Cubic equations form an essential part of algebra, representing equations of the form \(ax^3 + bx^2 + cx + d = 0\). These equations are called 'cubic' because the highest exponent of the variable is three. In our context, solving a cubic equation is crucial because it helps us find out what possible values the cosine function can take. By transforming trigonometric equations into cubic ones, we can access a more straightforward algebraic approach to solving them.

Let's focus on the equation from the exercise:

• \(4\cos^3 x - 3\cos x + \frac{3 \sqrt{6}}{8} = 0\)

This equation is a cubic equation in terms of \(\cos x\).

To solve it, we would typically use techniques such as factoring, synthetic division, or even using the cubic formula if it’s challenging to factor straightforwardly. In our solution, the roots found reflect this process of identifying values that satisfy the equation. Each root corresponds to a possible value of \(\cos x\) that fits our original trigonometric equation.
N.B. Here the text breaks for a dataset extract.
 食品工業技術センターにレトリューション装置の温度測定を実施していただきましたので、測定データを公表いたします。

The cosine function is a primary component in trigonometry. It relates an angle in a right triangle to the adjacent side over the hypotenuse. Beyond right triangles, it also extends to represent periodic oscillatory behavior in waveforms.
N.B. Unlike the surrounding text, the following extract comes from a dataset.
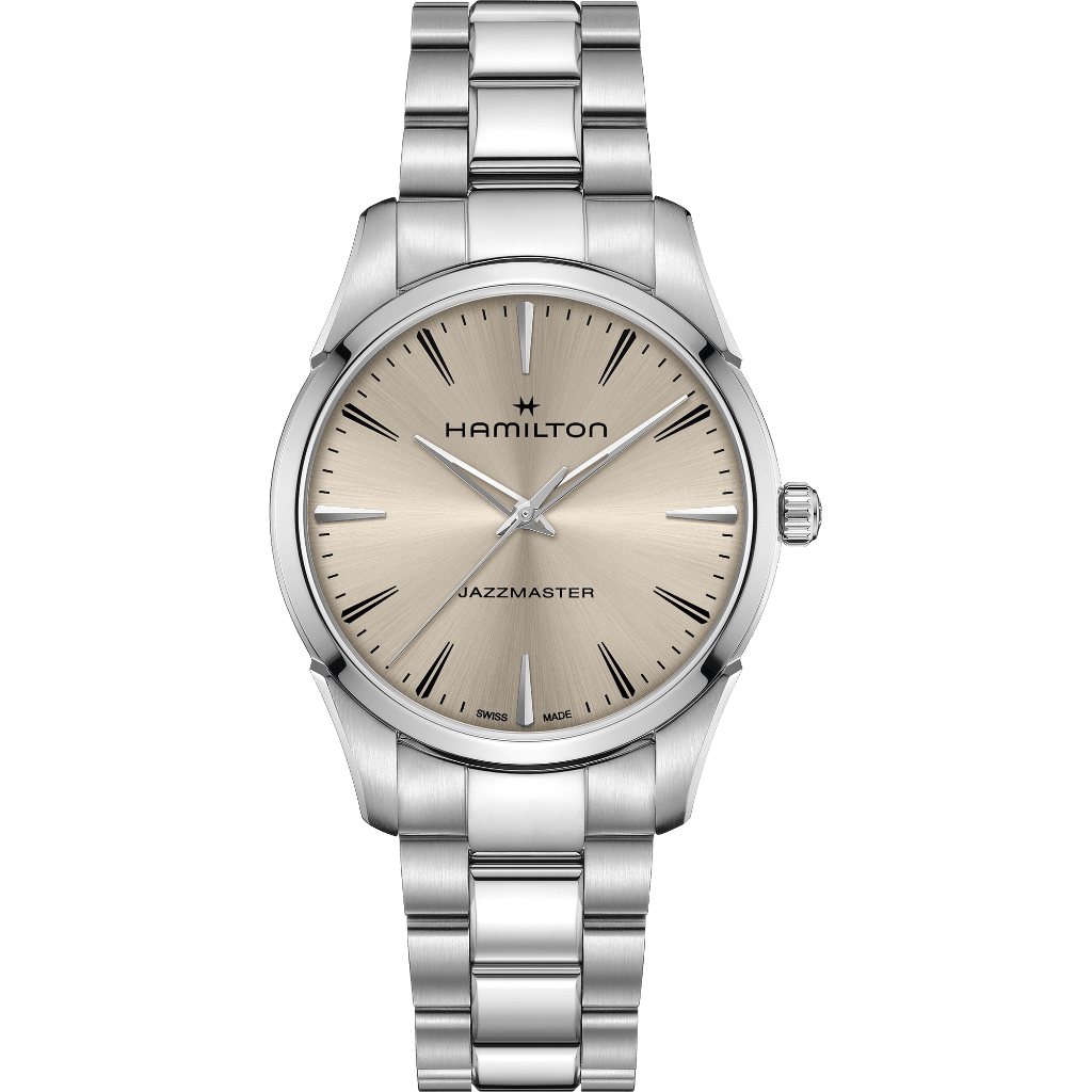 信頼性の高いクォーツムーブメントを搭載した「ジャズマスター クォーツ」は、確かな精度で正確に時を刻みます。それは、ハミルトンが培ってきたデザインとクラフツマンシップの世界へと誘う招待状でもあります。優雅さは意図的に、手にとりやすい形で、そして長く愛されるように構築されています。

In trigonometric identities, the cosine function transforms in various ways that follow well-established formulas. For example, the triple angle identity, which the exercise uses extensively, is:

• \(\cos 3x = 4\cos^3 x - 3\cos x\)

Utilizing this identity allows us to express more complex trigonometric equations, like \(\cos 3x\), in a simplified cubic form concerning \(\cos x\).

In solving these types of problems, it emphasizes recognizing patterns and transformations that maintain this relation. These transformations are critical in linking angles and their cosine values through algebraic expressions.
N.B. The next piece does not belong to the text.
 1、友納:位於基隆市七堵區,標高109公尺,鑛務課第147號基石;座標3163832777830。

Trigonometric equations involve functions like sine, cosine, and tangent. Solving these requires not only a solid understanding of their properties and graphs but also the identities that connect them.

A trigonometric equation can be seen as a specific type of equation where the unknown is contained within a trigonometric function. For example, in the exercise:

• \(\cos 3x = -\frac{3 \sqrt{6}}{8}\)

It shows \(\cos 3x\) set to a specific value, where we aim to find the suitable angle \(x\) by solving for \(\cos x\) using derived identities.

Essentially, solving these equations often involves multiple steps:

• Transforming complex trigonometric expressions using identities.
• Solving algebraically simplified versions of the original equation.
• Verifying the solution by substitution back into the original equation.

Understanding and applying these steps help bridge the transition from a trigonometric setup to algebraic forms, ultimately aiding in solving for unknown angles or their trigonometric values.